Supplied information:
==============================
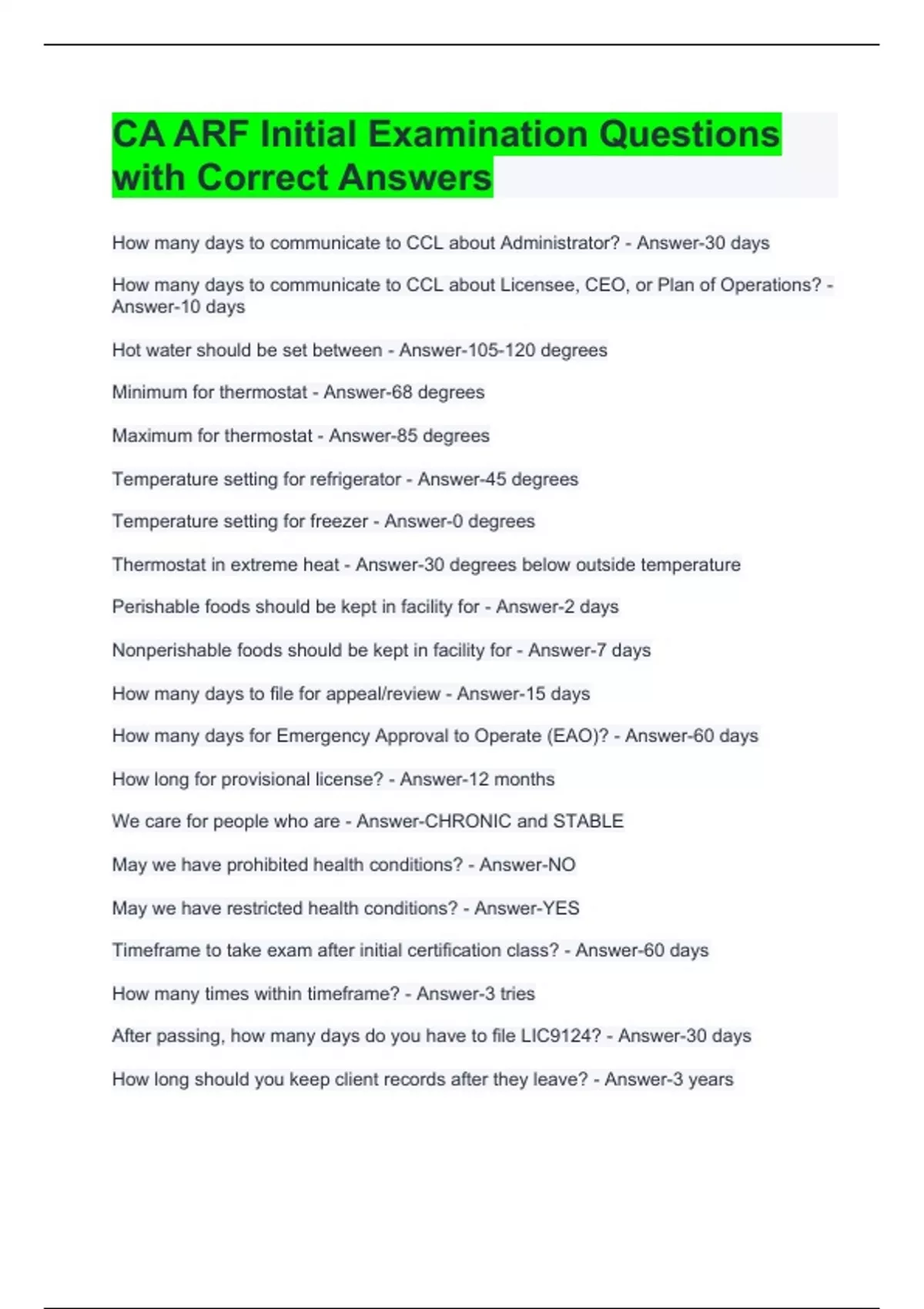 CA ARF Initial Examination Questions with Correct Answers You can give a resident a 30 day eviction notice if rent not paid in... - Answer-10 days Capacity is... - Answer-Maximum number of people authorized to be provided care A mental health disorder is... - Answer-A disorder that meets the criteria of DSM5 Administrators of Adult Residential Facilities must be - Answer-21 and certified When an individual is a licensee and Administrator of an ARF - Answer-Need to comply with administrator and licensee regulations Mandated reporters are - Answer-Administrators, volunteers, direct care workers, maintenance workers For fire clearance on a _____, an automatic sprinkler system is required - Answer-EBSH What should you include in all ads for your facility? - Answer-License number What is included in your licensing application? - Answer-Name, address, fire department When a facility changes location, stock transfers, or increases capacity, it needs... - Answer-a new license application The licensing agency shall have authority to inspect, copy and audit client or facility record - Answer-Upon demand and must be in admissions agreement A room approved for ambulatory clients must be used by - Answer-Ambulatory clients EBSH must receive a certificate of program approval from - Answer-Department of Developmental Services
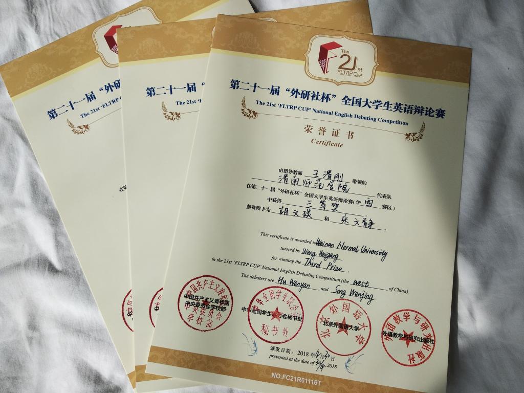 4月28日至30日,第二十一届“外研社杯”全国大学生英语辩论赛华西赛区决赛在兰州交通大学举行。best365外国语学院英语专业学生胡文琰、宋文静,以较强的英语思辩能力和扎实的口语水平荣获三等奖,同时,best365中国官方网站荣获“优秀组织奖”。
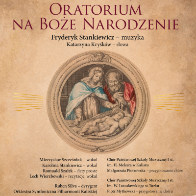 Filharmonia Kaliska ma zaszczyt zaprosić na koncert, podczas którego wspaniała obsada artystyczna wykona Oratorium Na Boże Narodzenie kaliskiego kompozytora Fryderyka Stankiewicza do słów Katarzyny Kryśków.
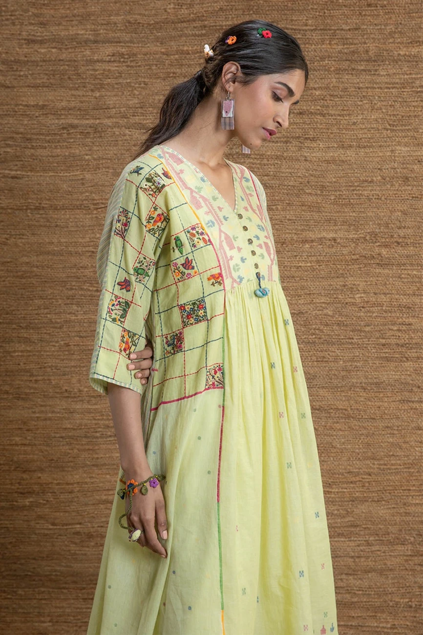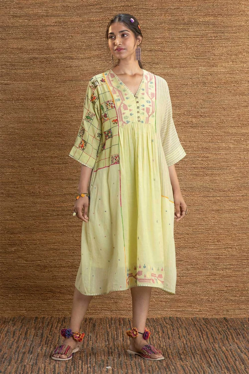 - Fabric-dress – fine handwoven jamdani muslin slip – mul cotton
==============================
What you should do: Since the pictures are not wanted, write out the rest of the data exactly as it reads.

Response to the task:
 CA ARF Initial Examination Questions with Correct Answers You can give a resident a 30 day eviction notice if rent not paid in... - Answer-10 days Capacity is... - Answer-Maximum number of people authorized to be provided care A mental health disorder is... - Answer-A disorder that meets the criteria of DSM5 Administrators of Adult Residential Facilities must be - Answer-21 and certified When an individual is a licensee and Administrator of an ARF - Answer-Need to comply with administrator and licensee regulations Mandated reporters are - Answer-Administrators, volunteers, direct care workers, maintenance workers For fire clearance on a _____, an automatic sprinkler system is required - Answer-EBSH What should you include in all ads for your facility? - Answer-License number What is included in your licensing application? - Answer-Name, address, fire department When a facility changes location, stock transfers, or increases capacity, it needs... - Answer-a new license application The licensing agency shall have authority to inspect, copy and audit client or facility record - Answer-Upon demand and must be in admissions agreement A room approved for ambulatory clients must be used by - Answer-Ambulatory clients EBSH must receive a certificate of program approval from - Answer-Department of Developmental Services
 4月28日至30日,第二十一届“外研社杯”全国大学生英语辩论赛华西赛区决赛在兰州交通大学举行。best365外国语学院英语专业学生胡文琰、宋文静,以较强的英语思辩能力和扎实的口语水平荣获三等奖,同时,best365中国官方网站荣获“优秀组织奖”。
 Filharmonia Kaliska ma zaszczyt zaprosić na koncert, podczas którego wspaniała obsada artystyczna wykona Oratorium Na Boże Narodzenie kaliskiego kompozytora Fryderyka Stankiewicza do słów Katarzyny Kryśków.
 - Fabric-dress – fine handwoven jamdani muslin slip – mul cotton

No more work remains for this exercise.